▶ Problem requirements: For this exercise, restate every line below word for word and drop the images.

Start of Data shown

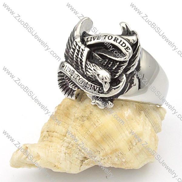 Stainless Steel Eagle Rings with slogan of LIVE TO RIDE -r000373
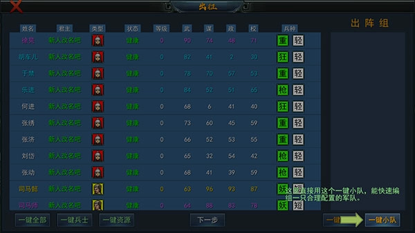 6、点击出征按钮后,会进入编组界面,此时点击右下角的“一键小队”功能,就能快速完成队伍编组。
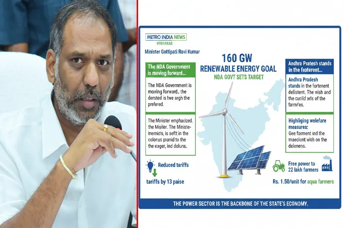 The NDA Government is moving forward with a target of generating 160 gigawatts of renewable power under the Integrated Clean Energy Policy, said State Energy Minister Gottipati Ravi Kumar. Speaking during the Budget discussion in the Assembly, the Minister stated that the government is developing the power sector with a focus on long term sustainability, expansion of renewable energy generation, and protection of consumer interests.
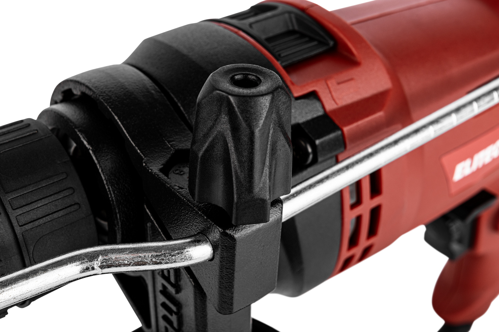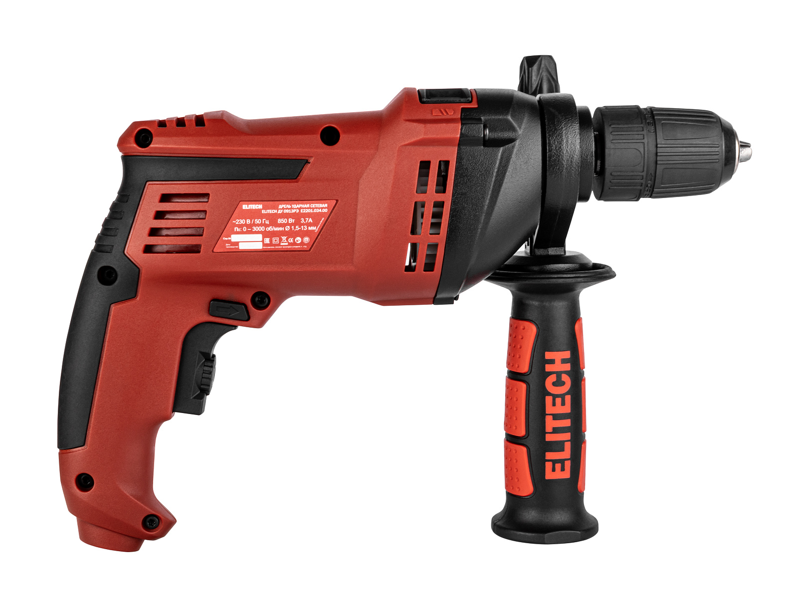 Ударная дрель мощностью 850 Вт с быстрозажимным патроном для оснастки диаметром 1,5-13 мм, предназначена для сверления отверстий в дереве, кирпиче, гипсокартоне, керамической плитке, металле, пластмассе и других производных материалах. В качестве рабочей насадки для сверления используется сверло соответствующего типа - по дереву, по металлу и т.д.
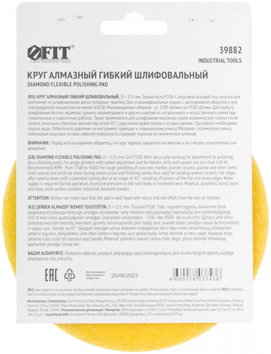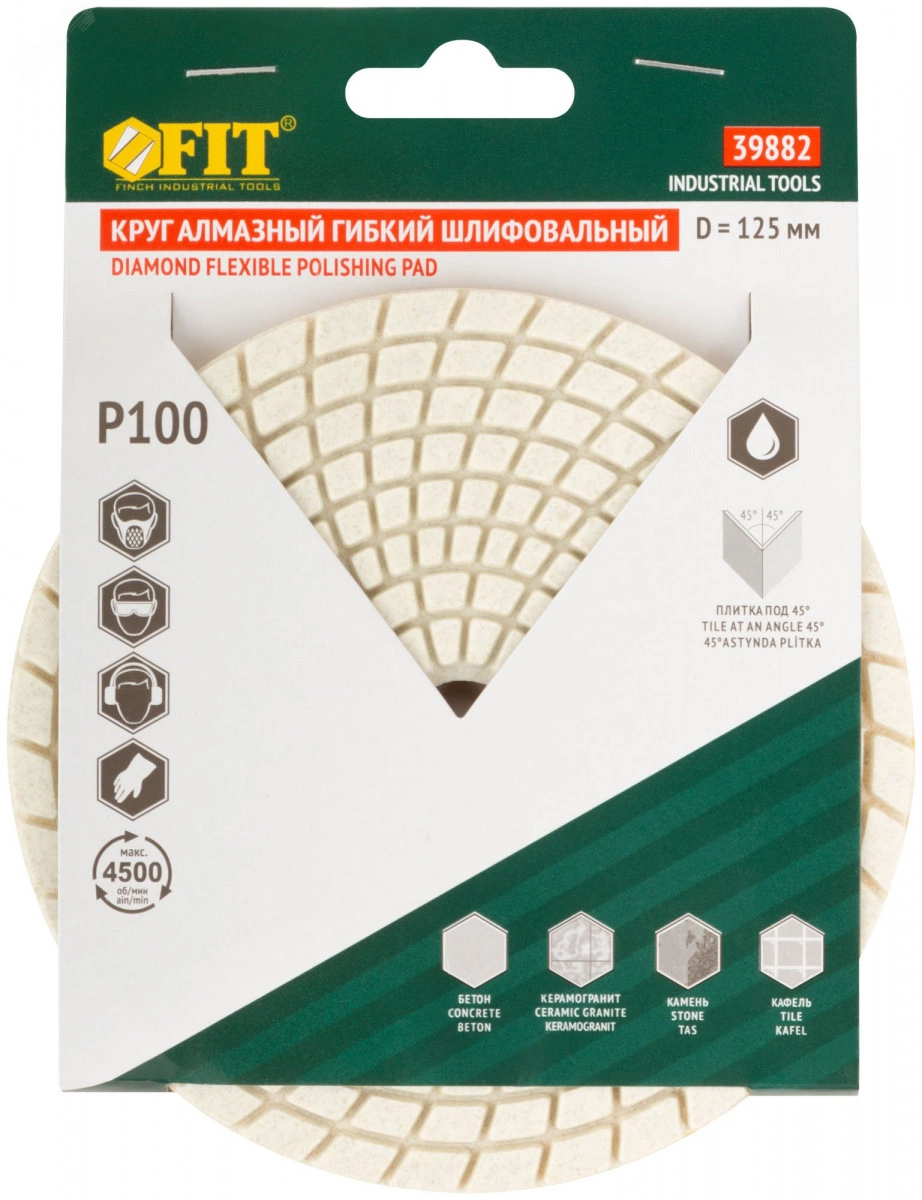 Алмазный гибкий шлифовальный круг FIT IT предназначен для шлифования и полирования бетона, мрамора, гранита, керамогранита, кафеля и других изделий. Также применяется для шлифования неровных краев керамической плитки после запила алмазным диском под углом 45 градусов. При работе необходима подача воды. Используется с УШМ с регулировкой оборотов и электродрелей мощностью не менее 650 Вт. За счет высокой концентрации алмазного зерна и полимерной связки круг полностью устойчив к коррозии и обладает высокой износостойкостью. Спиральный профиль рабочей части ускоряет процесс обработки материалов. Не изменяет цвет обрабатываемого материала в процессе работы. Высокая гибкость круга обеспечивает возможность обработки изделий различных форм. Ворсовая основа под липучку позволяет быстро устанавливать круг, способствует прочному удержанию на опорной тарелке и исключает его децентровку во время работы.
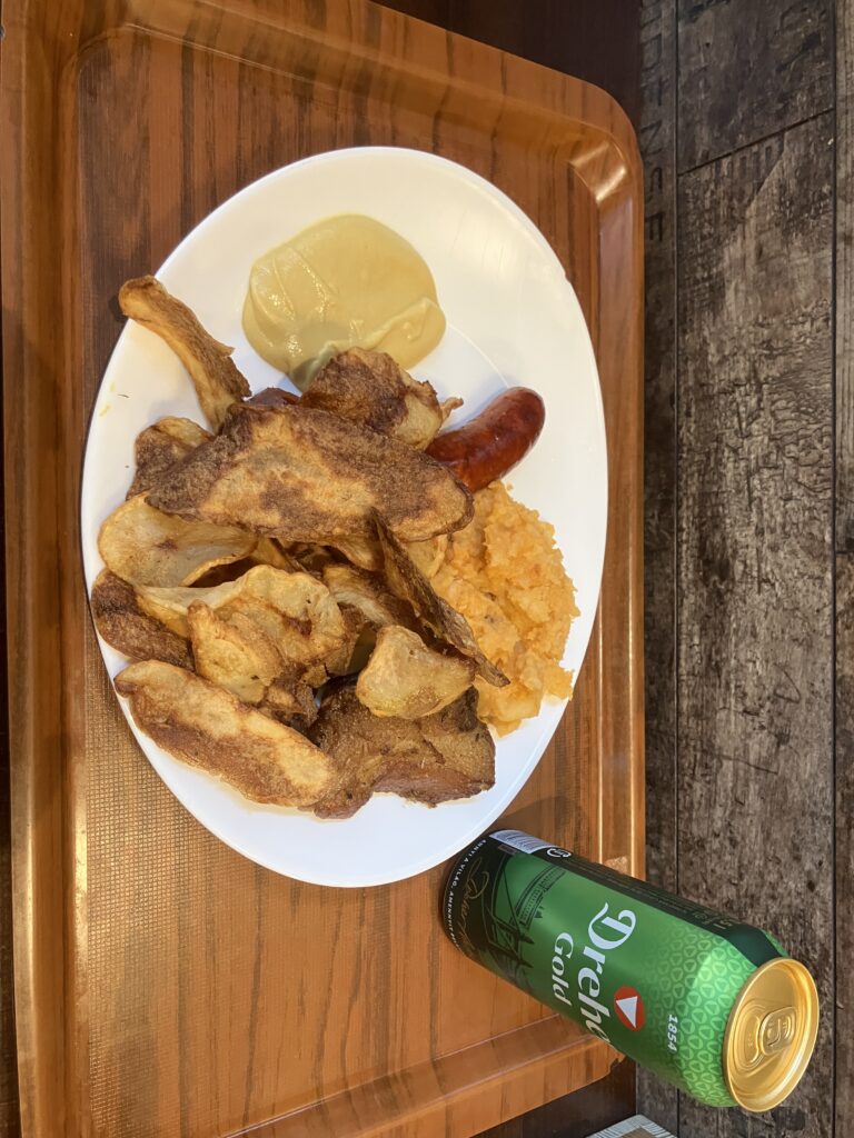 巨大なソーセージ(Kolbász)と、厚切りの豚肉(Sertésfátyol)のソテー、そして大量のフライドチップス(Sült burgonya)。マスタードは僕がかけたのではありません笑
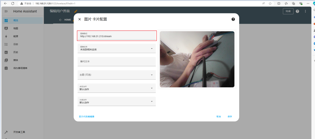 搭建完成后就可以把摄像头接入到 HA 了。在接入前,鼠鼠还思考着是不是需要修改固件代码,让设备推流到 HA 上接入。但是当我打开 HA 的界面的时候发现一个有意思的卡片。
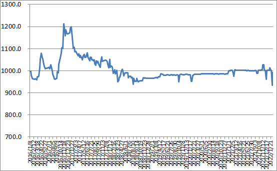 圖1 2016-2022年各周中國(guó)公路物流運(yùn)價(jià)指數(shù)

End of Data shown

▶ Written reply:
 Stainless Steel Eagle Rings with slogan of LIVE TO RIDE -r000373
 6、点击出征按钮后,会进入编组界面,此时点击右下角的“一键小队”功能,就能快速完成队伍编组。
 The NDA Government is moving forward with a target of generating 160 gigawatts of renewable power under the Integrated Clean Energy Policy, said State Energy Minister Gottipati Ravi Kumar. Speaking during the Budget discussion in the Assembly, the Minister stated that the government is developing the power sector with a focus on long term sustainability, expansion of renewable energy generation, and protection of consumer interests.
 Ударная дрель мощностью 850 Вт с быстрозажимным патроном для оснастки диаметром 1,5-13 мм, предназначена для сверления отверстий в дереве, кирпиче, гипсокартоне, керамической плитке, металле, пластмассе и других производных материалах. В качестве рабочей насадки для сверления используется сверло соответствующего типа - по дереву, по металлу и т.д.
 Алмазный гибкий шлифовальный круг FIT IT предназначен для шлифования и полирования бетона, мрамора, гранита, керамогранита, кафеля и других изделий. Также применяется для шлифования неровных краев керамической плитки после запила алмазным диском под углом 45 градусов. При работе необходима подача воды. Используется с УШМ с регулировкой оборотов и электродрелей мощностью не менее 650 Вт. За счет высокой концентрации алмазного зерна и полимерной связки круг полностью устойчив к коррозии и обладает высокой износостойкостью. Спиральный профиль рабочей части ускоряет процесс обработки материалов. Не изменяет цвет обрабатываемого материала в процессе работы. Высокая гибкость круга обеспечивает возможность обработки изделий различных форм. Ворсовая основа под липучку позволяет быстро устанавливать круг, способствует прочному удержанию на опорной тарелке и исключает его децентровку во время работы.
 巨大なソーセージ(Kolbász)と、厚切りの豚肉(Sertésfátyol)のソテー、そして大量のフライドチップス(Sült burgonya)。マスタードは僕がかけたのではありません笑
 搭建完成后就可以把摄像头接入到 HA 了。在接入前,鼠鼠还思考着是不是需要修改固件代码,让设备推流到 HA 上接入。但是当我打开 HA 的界面的时候发现一个有意思的卡片。
 圖1 2016-2022年各周中國(guó)公路物流運(yùn)價(jià)指數(shù)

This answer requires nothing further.